The Best American Essays 2016

This year's The Best American Essays was an eclectic and interesting collection. Again they feature personal reminisces over almost everything else, but once I've understood that's what they think essays are, I've accepted it. There's even an essay about salamanders ("Big Night" by Jill Sisson Quinn) that manages to tie into her life.

This year's book was guest edited by Jonathan Franzen, most notably known as the author of doorstop novels, but I found his selection pretty good. Of course, I have no idea what he passed over, but I was engaged by almost every essay. Many concerned disease or death, always pleasant topics. Consider the opening line of "Family Tradition," by Lisa Nikolidakis: "On my twenty-seventh birthday, in a two-bedroom bungalow in New Jersey, my father murdered his live-in girlfriend, her fifteen-year-old daughter, then shot himself. I never sensed the shots." Now that's a grabber.

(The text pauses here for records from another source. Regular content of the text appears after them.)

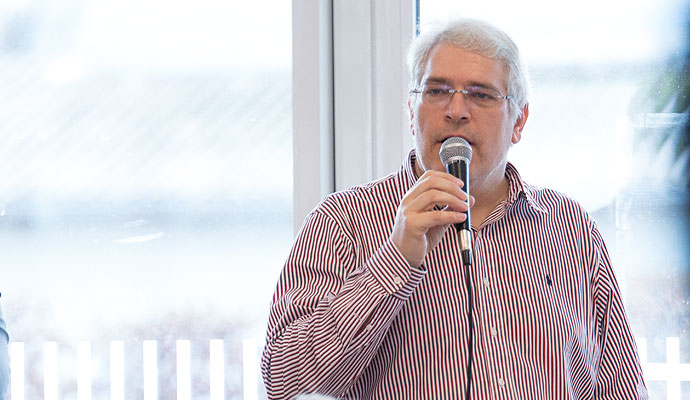 Der Untergrombacher Ortsvorsteher Karl Mangei bei der Eröffnungsrede
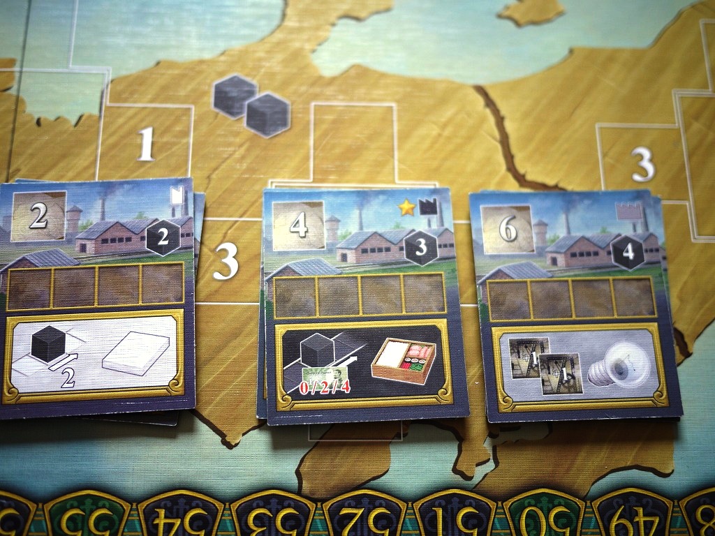 ・商品の生産:工場で商品を精算します。右上に、生産に必要な石炭数が書いてありますので、この個数分支払って「1個」の製品を精算します。
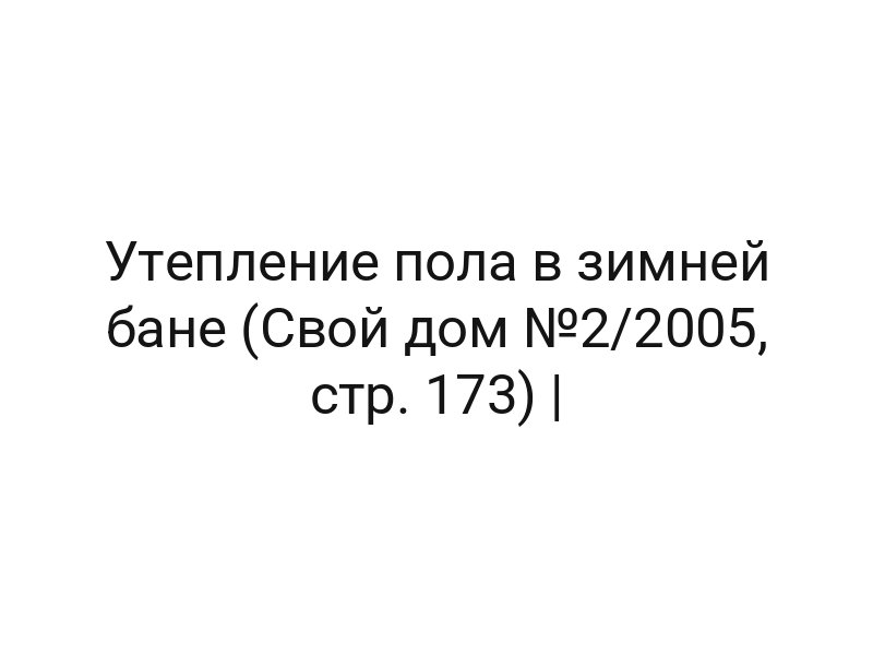 Утепление пола в зимней бане (Свой дом №2/2005, стр. 173)
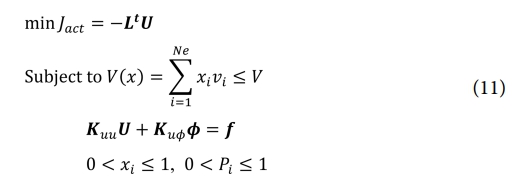 압전 액추에이터 설계를 위한 최적화 문제 정의는 식 (11)로 표현된다. 기존 접근법[16]에 기반하여, 평면 압전 액추에이터의 최적화 과정은 목적 함수 Jact를 최소화함으로써 구조의 특정 위치에서 최대 변위를 달성하는 것을 목표로 한다.
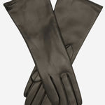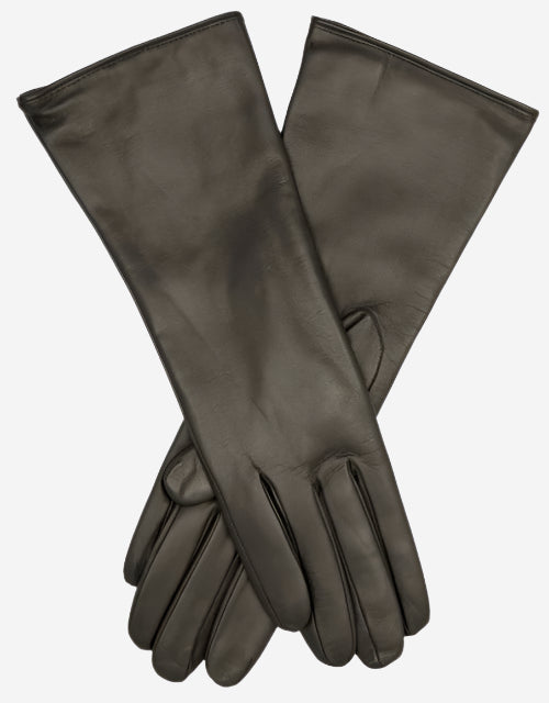 These long leather gloves for women are as simple and elegant as you can get. The longer four-button length extends approximately four inches up the arm for smooth and beautiful lines, perfect for dress occasions like the opera. There are no buttons, vents or decorations, just classic dress glove style and the unmatched craftsmanship of the designer Italian artisans at Fratelli Orsini. Inside, a luxury cashmere lining wraps your hand in softness and keeps you warm so cold weather won't ruin your special occasion.
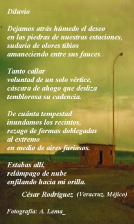 Diluvio ©, César Rodríguez: (Veracruz, México). Poeta. Realizó estudios de ingeniería en sistemas y Maestría en negocios. Editó Ultimo Turno (Tintanueva Ediciones, 2000); El huracán nos pasa (colección La Hoja Murmurante, Editorial La Tinta del Alcatraz, 2000) y En la Campiña, (Tintanueva Ediciones, 2000)
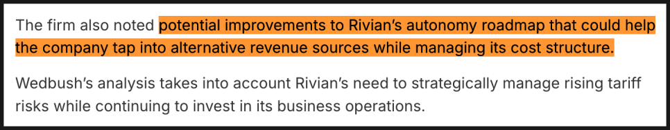 웨드부시 외에도 리비안의 AI 데이 직후 투자 의견과 목표가를 상향한 애널리스트들이 꽤 있었는데요. 배어드(Baird)는 리비안에 대한 투자의견을 기존 ‘중립(Neutral)’에서 ‘아웃퍼폼(Outperform)’으로 상향하며 목표주가를 25달러로 제시했는데, R2 플랫폼과 더불어 리비안의 자율주행 기술, 특히 자체 칩 개발과 같은 수직 통합 전략을 긍정적으로 평가했습니다.
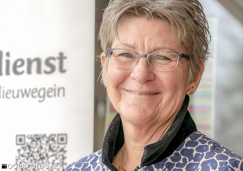 Arend Bloemink: ‘Deze keer fotografeerde ik het Portret van de Week deels óók ‘in functie’. Ik tref haar een half uurtje voordat zij wethouder Hans Adriani de microfoon overhandigt. Het officiële moment van het in gebruik nemen van de tweede AHN-duofiets. Voorafgaand aan die officiële gebeurtenis maken we, informatie uitwisselend, de portretfoto’s. En ik fotografeer Monique uiteraard ook tijdens de feestelijkheden.’
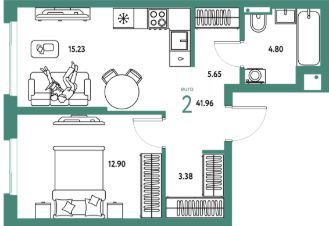 Продаётся 2-комнатная квартира в строящемся доме (Дом 1), срок сдачи: III-кв. 2026, общей площадью 41.96 кв.м., на 2 этаже. Многоэтажные жилые дома с объектами инфраструктуры, расположенные по адресу: Московская область, г.о. Мытищи, г.Мытищи, мкр. 18Б, ул. Комарова.
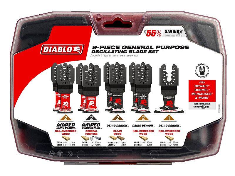 Diablo’s universal fit oscillating blade set features application specific blades ranging from nail-embedded wood, clean wood, metal, plastics and drywall. Included are high-performance TiCo Hi-Density carbide and bi-metal blades sure to deliver unmatched durability, life and quality of cut in any job. The blade’s universal fit, adapter-free design easily attaches to most tools, with the exception of Starlock tools.

There's also a fascinating essay about treatment for OCD by Jordan Kisner called "Thin Places," which starts with a description of a type of brain operation. The late Oliver Sacks, one of the greatest medical writers of all time, writes about migraines with "A General Feeling of Disorder," and Amitava Kumar lets Westerners know about Indian funeral rites in "Pyre," dealing with the death of his mother. For one thing, sons are expected to shave their heads. Justin Phillip Reed writes about the death of his uncle by lynching, and how it relates to death in movies, in "Killing Like They Do in Movies."

The prolific Joyce Carol Oates writes about her sister, who was institutionalized for severe autism, in "The Lost Sister," which is very moving. Oates hasn't seen her sister, eighteen younger than she, for more than forty years, and while that may sound harsh, it seems completely reasonable once the article is read.

In more buoyant topics, Charles Comey writes about that magic trip after the wedding in "Against Honeymoons," where we learn that the name Viagra resembles Niagara, a frequent honeymoon destination, on purpose. Irina Dumetrescu, in "My Father and the Wine," opens with "Now and then I click a link to find out what the hipsters are up to. The hipsters are raising chickens and
slaughtering them at home, I read; the hipsters are distilling hooch." Her father made wine.

Laura Kipnis writes a very controversial essay in "Sexual Paranoia," which takes on the statistics of college rape. Mostly she's writing that it's not so terrible when a student and a professor hook up/ "But somehow power seemed a lot less powerful back then. The gulf between students and faculty wasn't a shark-filled moat; a misstep wasn't fatal. We partied together,  drank and got high together, slept together." Sticking with sex, I very much enjoyed Katherine E. Standefer's "In Praise of Contempt," which reads at times like a Penthouse Forum letter: "Back in the wash, night settles. Owls. The flutish, descending song of canyon wrens. Stars brightening. The rock ledge, radiating heat. Bats flutter over the wash. Some bird makes a kind of vibrating sound, high-pitched, almost electronic. Then my phone buzzes. It is a picture of his erect cock."

My favorite essay belongs to Jaquira Diaz for "Ordinary Girls," a remembrance of her time as a juvenile delinquent: "All those people, they just didn’t get that there was no way in hell we could care about homework, or getting to school on time—or at all—when our parents were on drugs or getting stabbed, and we were getting arrested or jumped or worse." I would love to have my sixth-grade students read this, but the profanity in it would get me fired. As if my students don't deal with profanity every day.